[[ EXERCISE DATA, beginning ]]

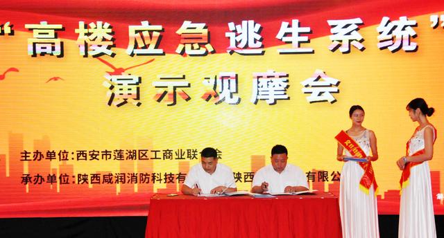 2018年8月我司承辦的“高樓應(yīng)急安全逃生系統(tǒng)”全國(guó)首屆推廣會(huì)如期舉行,該系統(tǒng)旨在解決“高樓如何快速安全逃生”這項(xiàng)世界課題。參加此次推廣會(huì)的單位有:上海市消防支隊(duì)、上海市消防協(xié)會(huì)、陜西省安監(jiān)局、陜西省消防總隊(duì)、陜西省消防協(xié)會(huì)、兵器工業(yè)衛(wèi)生研究所安全技術(shù)研究中心、深證市公共安全研究所、西安市安監(jiān)局、西安市消防支隊(duì)、咸陽(yáng)市安監(jiān)局、咸陽(yáng)市消防支隊(duì)、西安市蓮湖區(qū)委。區(qū)政府、工商業(yè)聯(lián)合會(huì)等與會(huì)單位、以及碧桂園、綠地集團(tuán)、海亮地產(chǎn)、天朗集團(tuán)、聚成物業(yè)等20多家地產(chǎn)企業(yè)?,F(xiàn)場(chǎng)反響熱烈,30多家知名媒體相繼報(bào)道。此次會(huì)議3家地產(chǎn)企業(yè)現(xiàn)場(chǎng)與我司簽訂戰(zhàn)略合作協(xié)議,在接下來(lái)參觀位于西安市蓮湖區(qū)華府西城港灣小區(qū)的“高樓應(yīng)急安全逃生系統(tǒng)”樣板項(xiàng)目時(shí),省市級(jí)消防有關(guān)領(lǐng)導(dǎo)人強(qiáng)烈要求親自做現(xiàn)場(chǎng)滑行測(cè)試,并給予“高樓應(yīng)急安全逃生系統(tǒng)”高度評(píng)價(jià)。目前,此項(xiàng)目在上海市奉賢區(qū)陽(yáng)光家園、西安市海亮新英里、華府西城港灣投入使用并在全國(guó)推廣。
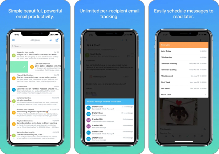 チームの場合、Polymailは共同ツールを提供し、メールを共有してコメントを残すことができ、コミュニケーションをよりスムーズにします。自動化されたアウトリーチ機能を使用すると、メールやフォローアップをスケジュールできます。これは、販売やマーケティングを処理するビジネスユーザーに最適です。ただし、これらの高度な機能のほんの一部のみがモバイルバージョンで利用可能になります。
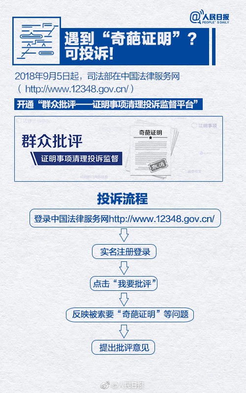 遇到這樣的"奇葩證明"可在司法部開(kāi)通的網(wǎng)上投訴平臺(tái)上進(jìn)行投訴,實(shí)名登錄后即可反映意見(jiàn),各地方被要求在15天內(nèi)反饋。
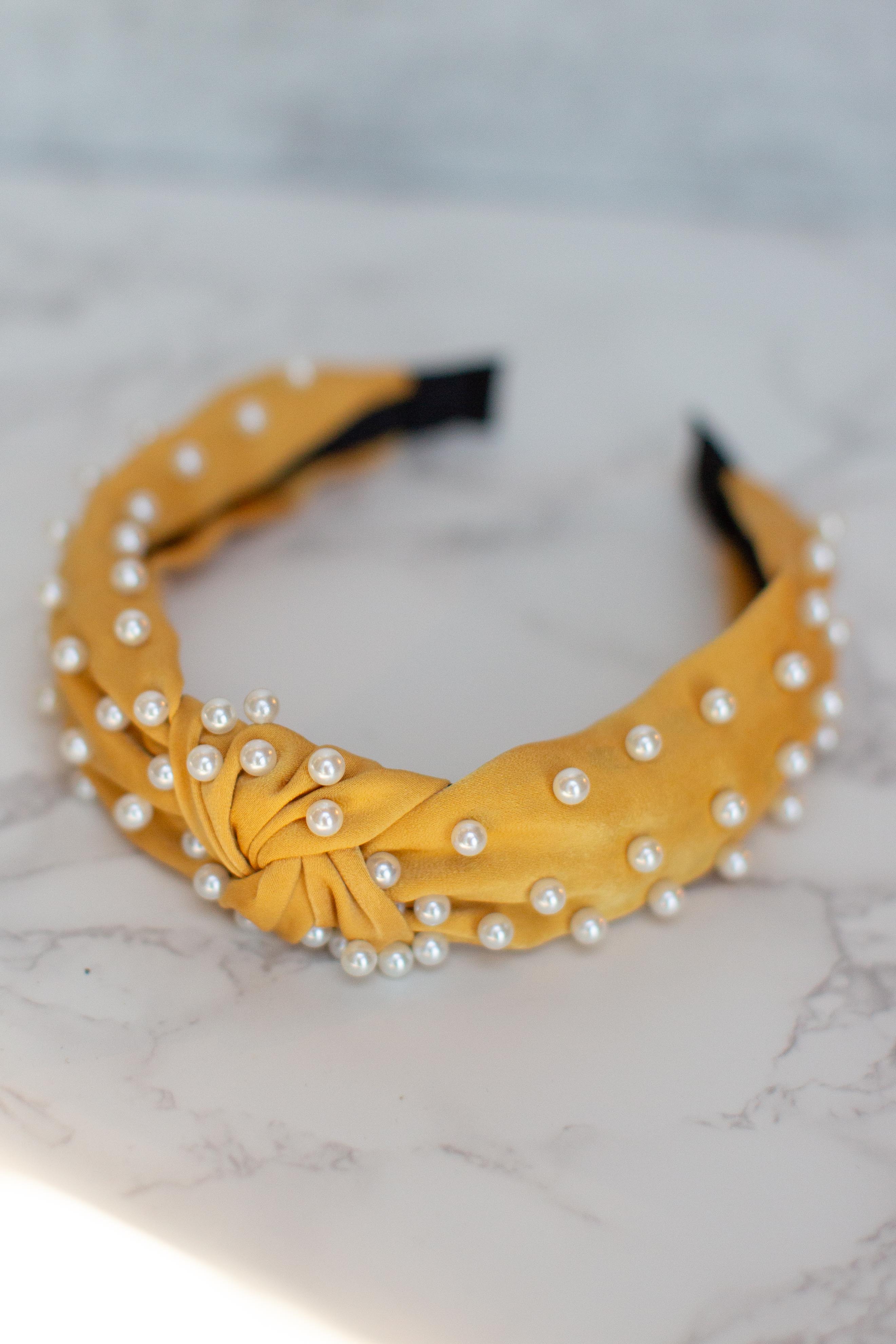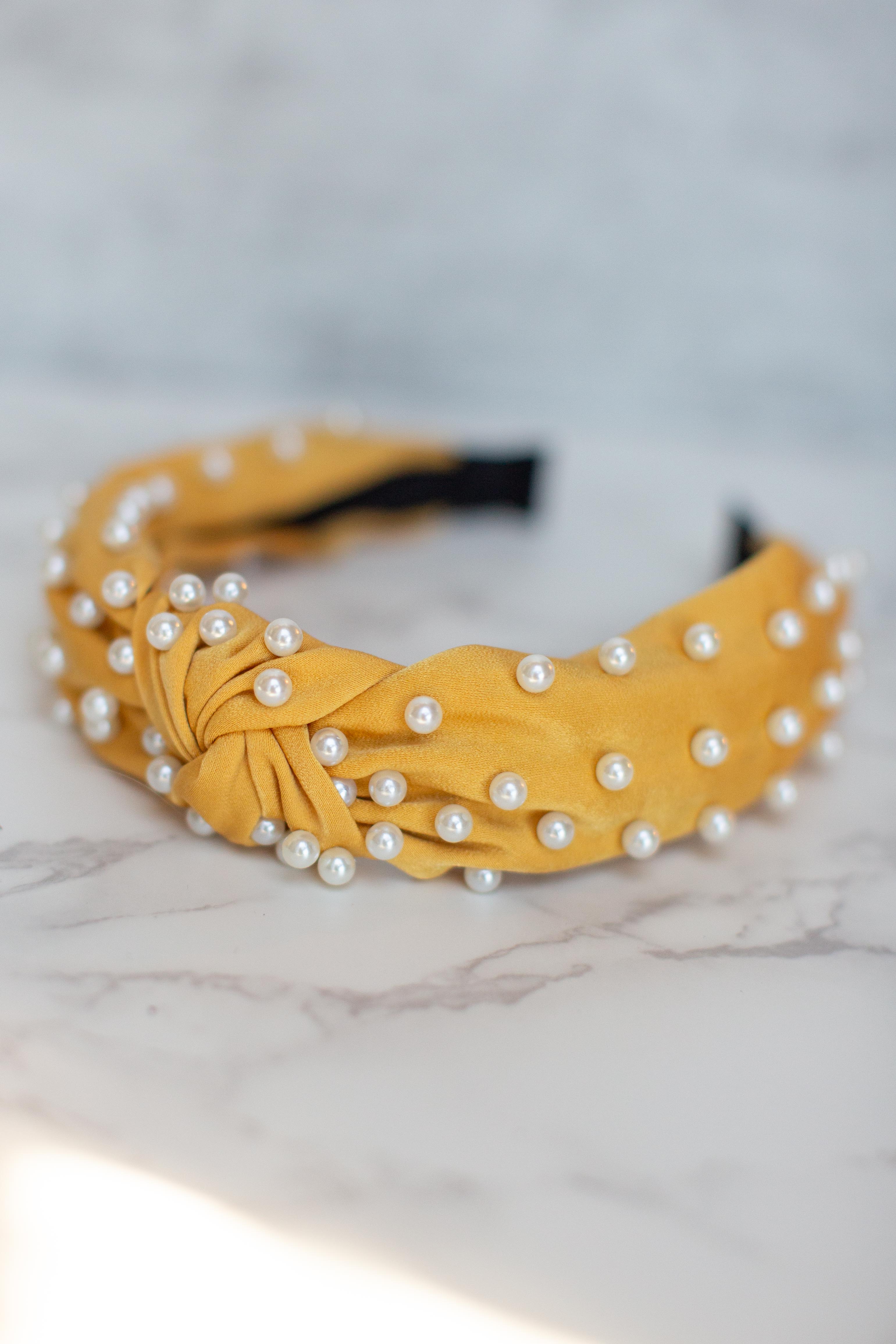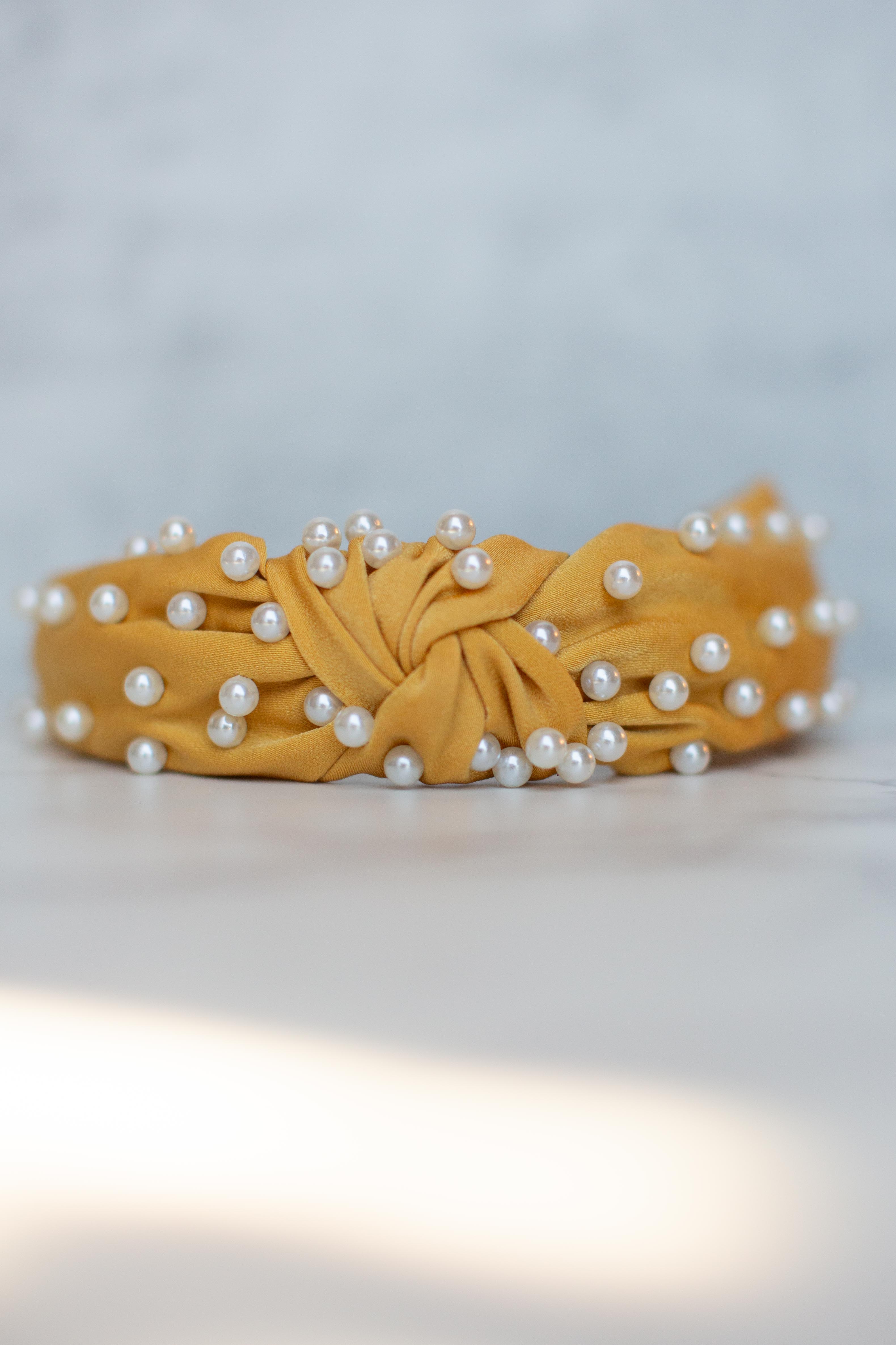 Brighten your look with the Mustard Pearl Studded Headband! This playful accessory combines the timeless elegance of pearls. Perfect for turning everyday hairstyles into something special and full of personality.
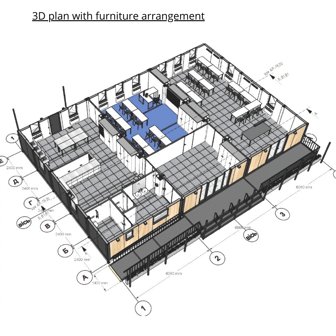 The educational temporary space consists of three main rooms: a chef’s workshop, a mechanic’s workshop and a classroom for theoretical studies. The purpose of these premises is described in detail in the section ‘Technological solutions’ of the explanatory note.
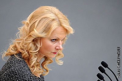Министр здравоохранения и социального развития РФ Татьяна Голикова на заседании Госдумы РФ
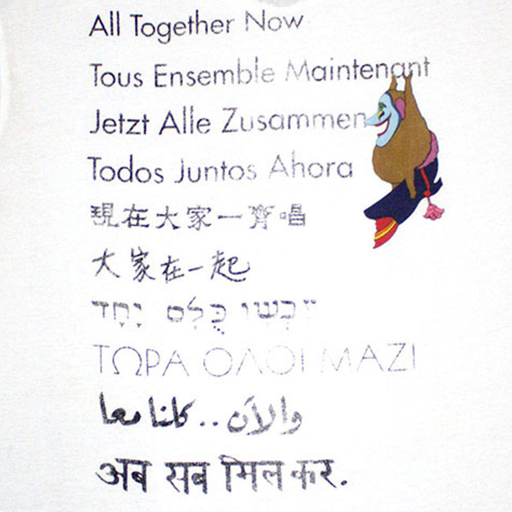 1968年のアニメ映画『イエロー・サブマリン』に登場するビートルズのメンバーたちを、印象的なコラージュスタイルで表現したユニセックスTシャツです。
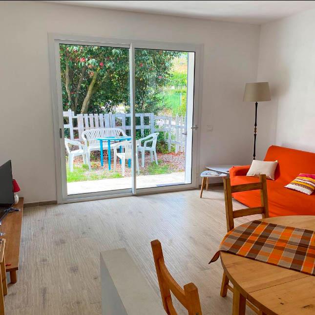 Die Wohnung ROSSO befindet sich im Erdgeschoss und ist auch für gehbehinderte Personen geeignet! Eingang ohne Stufen. Die komplett neu eingerichtete und gut ausgestattete Ferienwohnung ROSSO in der kleinen Wohnanlage Carlotta besteht aus einem gemütlichen lichtdurchfluteten Wohn-Essbereich, den man direkt betritt, wenn man das Appartement durch den kleinen Privatgarten betritt.
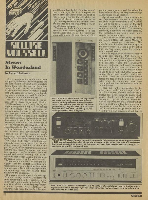 Stereo In Wonderland Stereo equipment manufacturers have stepped right through the looking glass and are beckoning those with bulging wallets to follow them into the land of the mirror image.
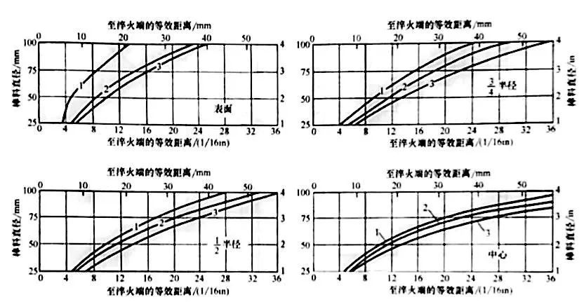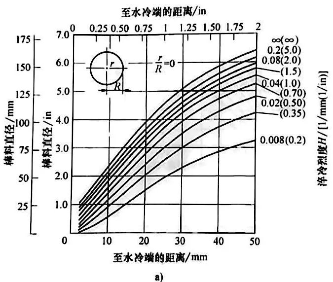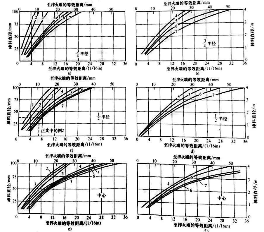 以格羅斯曼圖(上篇 圖15和圖16 c) 為基礎,拉蒙特(Lamont) 利用末端淬火距離(表2)對應等效冷卻速度的基本原理,繪制了各種橫截面的淬硬深度比例對應不同H值的圖。圖20所示,為將不同直徑的圓棒全部淬硬和淬硬到1/2 半徑的實例。
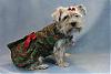 | I haven't posted many pics of the rest of my furbabies. So today I thought I would get some of Sunnie right after his bath. He is modelling his Christmas vest that I made for him and Beamer to wear on Christmas. I also got one of Ladybug modelling the matching dress I made for the 4 girls. Sonya
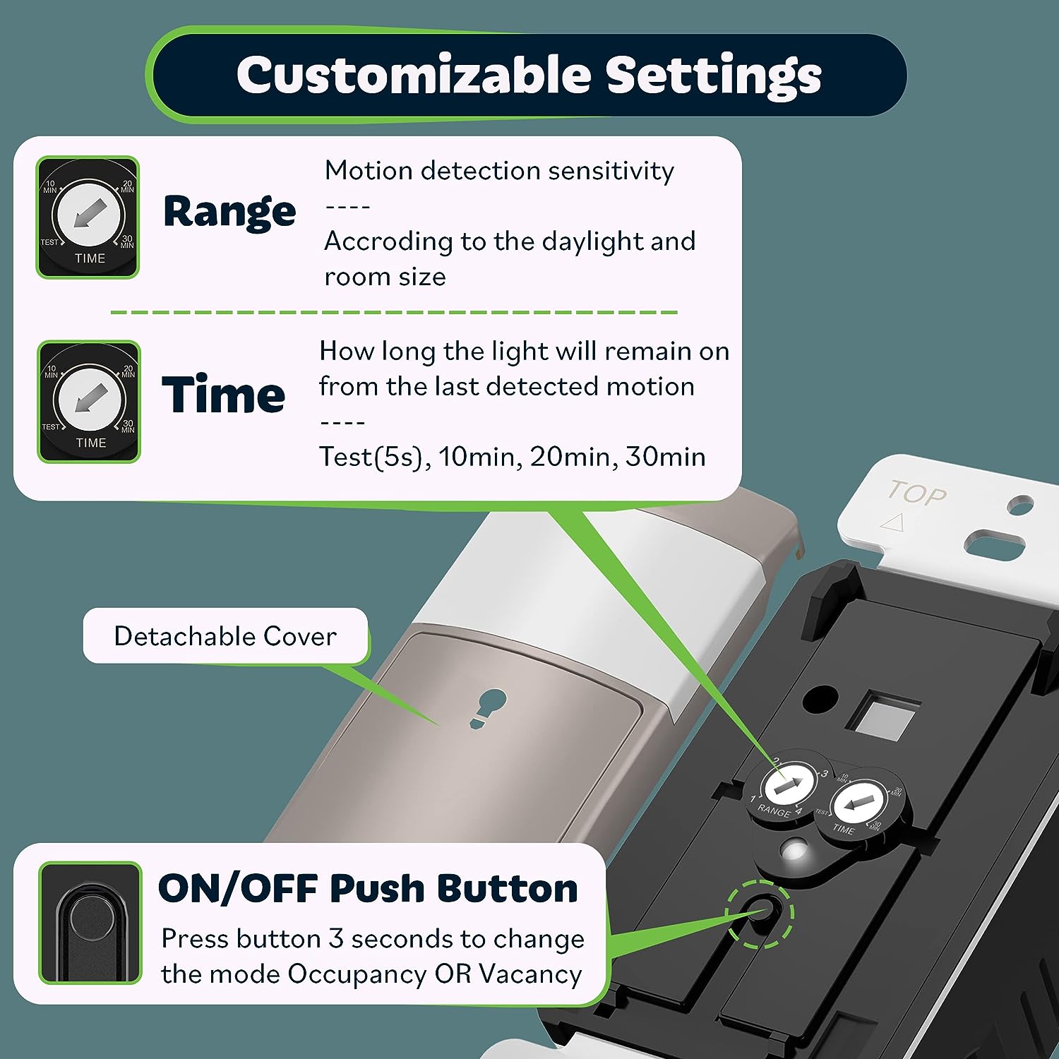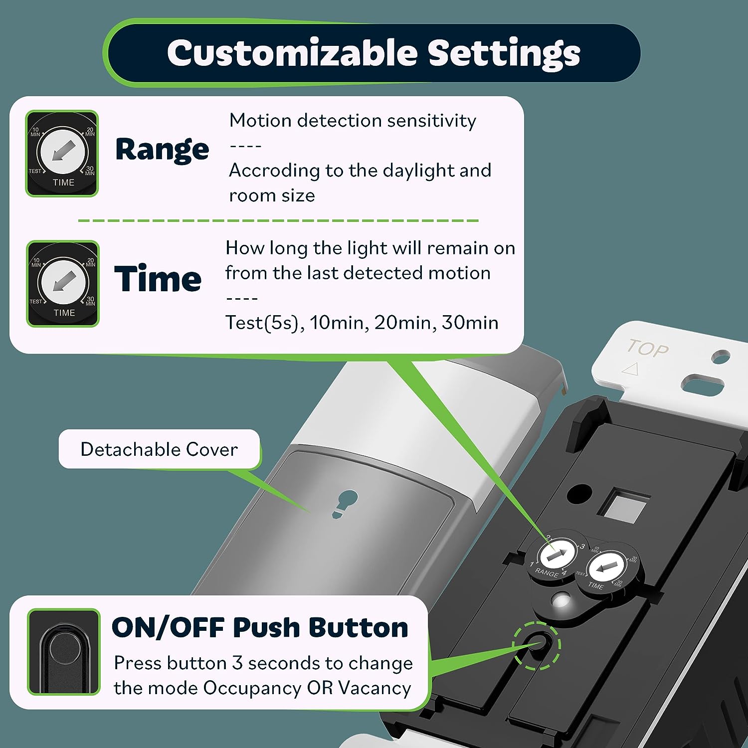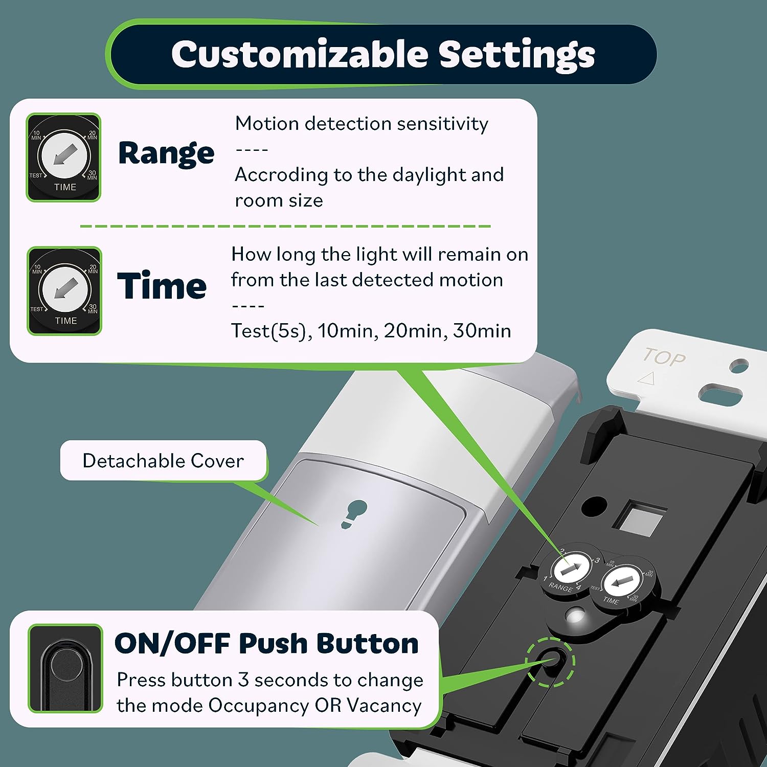 • ????????? ?????? ???? (Auto ON, Auto OFF) and ??????? ?????? ???? (Manual ON, Auto OFF) allow you to customize the sensor according to your needs; adjustable time delay options: 15 sec (Test), 5 min, 10 min, 20 min, 30 min; change mode with the OCC/VAC switch located under the face of the device

[[ EXERCISE DATA, end ]]

▶ [EXERCISE AIM] Print the complete listing exactly, apart from any pictures.

▶ [WRITTEN SOLUTION]
 2018年8月我司承辦的“高樓應(yīng)急安全逃生系統(tǒng)”全國(guó)首屆推廣會(huì)如期舉行,該系統(tǒng)旨在解決“高樓如何快速安全逃生”這項(xiàng)世界課題。參加此次推廣會(huì)的單位有:上海市消防支隊(duì)、上海市消防協(xié)會(huì)、陜西省安監(jiān)局、陜西省消防總隊(duì)、陜西省消防協(xié)會(huì)、兵器工業(yè)衛(wèi)生研究所安全技術(shù)研究中心、深證市公共安全研究所、西安市安監(jiān)局、西安市消防支隊(duì)、咸陽(yáng)市安監(jiān)局、咸陽(yáng)市消防支隊(duì)、西安市蓮湖區(qū)委。區(qū)政府、工商業(yè)聯(lián)合會(huì)等與會(huì)單位、以及碧桂園、綠地集團(tuán)、海亮地產(chǎn)、天朗集團(tuán)、聚成物業(yè)等20多家地產(chǎn)企業(yè)?,F(xiàn)場(chǎng)反響熱烈,30多家知名媒體相繼報(bào)道。此次會(huì)議3家地產(chǎn)企業(yè)現(xiàn)場(chǎng)與我司簽訂戰(zhàn)略合作協(xié)議,在接下來(lái)參觀位于西安市蓮湖區(qū)華府西城港灣小區(qū)的“高樓應(yīng)急安全逃生系統(tǒng)”樣板項(xiàng)目時(shí),省市級(jí)消防有關(guān)領(lǐng)導(dǎo)人強(qiáng)烈要求親自做現(xiàn)場(chǎng)滑行測(cè)試,并給予“高樓應(yīng)急安全逃生系統(tǒng)”高度評(píng)價(jià)。目前,此項(xiàng)目在上海市奉賢區(qū)陽(yáng)光家園、西安市海亮新英里、華府西城港灣投入使用并在全國(guó)推廣。
 チームの場合、Polymailは共同ツールを提供し、メールを共有してコメントを残すことができ、コミュニケーションをよりスムーズにします。自動化されたアウトリーチ機能を使用すると、メールやフォローアップをスケジュールできます。これは、販売やマーケティングを処理するビジネスユーザーに最適です。ただし、これらの高度な機能のほんの一部のみがモバイルバージョンで利用可能になります。
 遇到這樣的"奇葩證明"可在司法部開(kāi)通的網(wǎng)上投訴平臺(tái)上進(jìn)行投訴,實(shí)名登錄后即可反映意見(jiàn),各地方被要求在15天內(nèi)反饋。
 Brighten your look with the Mustard Pearl Studded Headband! This playful accessory combines the timeless elegance of pearls. Perfect for turning everyday hairstyles into something special and full of personality.
 The educational temporary space consists of three main rooms: a chef’s workshop, a mechanic’s workshop and a classroom for theoretical studies. The purpose of these premises is described in detail in the section ‘Technological solutions’ of the explanatory note.
Министр здравоохранения и социального развития РФ Татьяна Голикова на заседании Госдумы РФ
 1968年のアニメ映画『イエロー・サブマリン』に登場するビートルズのメンバーたちを、印象的なコラージュスタイルで表現したユニセックスTシャツです。
 Die Wohnung ROSSO befindet sich im Erdgeschoss und ist auch für gehbehinderte Personen geeignet! Eingang ohne Stufen. Die komplett neu eingerichtete und gut ausgestattete Ferienwohnung ROSSO in der kleinen Wohnanlage Carlotta besteht aus einem gemütlichen lichtdurchfluteten Wohn-Essbereich, den man direkt betritt, wenn man das Appartement durch den kleinen Privatgarten betritt.
 Stereo In Wonderland Stereo equipment manufacturers have stepped right through the looking glass and are beckoning those with bulging wallets to follow them into the land of the mirror image.
 以格羅斯曼圖(上篇 圖15和圖16 c) 為基礎,拉蒙特(Lamont) 利用末端淬火距離(表2)對應等效冷卻速度的基本原理,繪制了各種橫截面的淬硬深度比例對應不同H值的圖。圖20所示,為將不同直徑的圓棒全部淬硬和淬硬到1/2 半徑的實例。
 | I haven't posted many pics of the rest of my furbabies. So today I thought I would get some of Sunnie right after his bath. He is modelling his Christmas vest that I made for him and Beamer to wear on Christmas. I also got one of Ladybug modelling the matching dress I made for the 4 girls. Sonya
 • ????????? ?????? ???? (Auto ON, Auto OFF) and ??????? ?????? ???? (Manual ON, Auto OFF) allow you to customize the sensor according to your needs; adjustable time delay options: 15 sec (Test), 5 min, 10 min, 20 min, 30 min; change mode with the OCC/VAC switch located under the face of the device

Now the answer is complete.